Given information:
%%

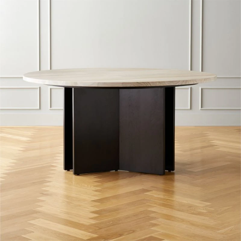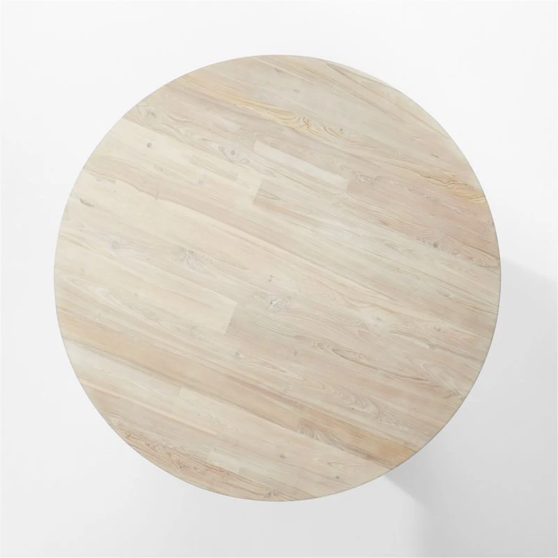 Solid repurposed teak is the star of this round statement dining table. Finished with a subtle white wash and topped with clear lacquer, teak wood retains its natural tones, knots and markings. Mango wood legs, set at a slight angle, are finished with a blackening technique, allowing the natural details of the wood to shine through. Seats six easily. CB2 exclusive.
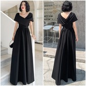 パーティードレス 結婚式 二次会 発表会 演奏会 お呼ばれ マキシ丈 黒 大きいサイズ バックシャン 体型カバー パーティードレス 結婚式 二次会 発表会 演奏会 お呼ばれ マキシ丈 黒 大きいサイズ
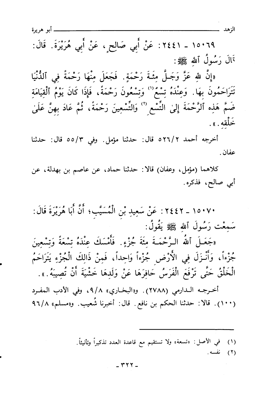 إِنَّ لِلَّهِ عَزَّ وَجَلَّ مِائَةَ رَحْمَةٍ فَجَعَلَ مِنْهَا رَحْمَةً فِى الدُّنْيَا تَتَرَاحَمُونَ بِهَا وَعِنْدَهُ تِسْعَةٌ وَتِسْعُونَ رَحْمَةً فَإِذَا كَانَ يَوْمُ الْقِيَامَةِ ضَمَّ هَذِهِ الرَّحْمَةَ إِلَى التِّسْعَةِ والتِسْعِينَ رَحْمَةً ثُمَّ عَادَ بِهِنَّ عَلَى خَلْقِهِ.

%%

Directions for this task:
The line with "パーティードレス 結婚式 二次会 発表会 演奏会 お呼ばれ マキシ丈 黒 大きいサイズ バックシャン" marks the end: restate word for word every line from the top of the data through that one, omitting pictures.

Solution to the problem:
 Solid repurposed teak is the star of this round statement dining table. Finished with a subtle white wash and topped with clear lacquer, teak wood retains its natural tones, knots and markings. Mango wood legs, set at a slight angle, are finished with a blackening technique, allowing the natural details of the wood to shine through. Seats six easily. CB2 exclusive.
 パーティードレス 結婚式 二次会 発表会 演奏会 お呼ばれ マキシ丈 黒 大きいサイズ バックシャン 体型カバー パーティードレス 結婚式 二次会 発表会 演奏会 お呼ばれ マキシ丈 黒 大きいサイズ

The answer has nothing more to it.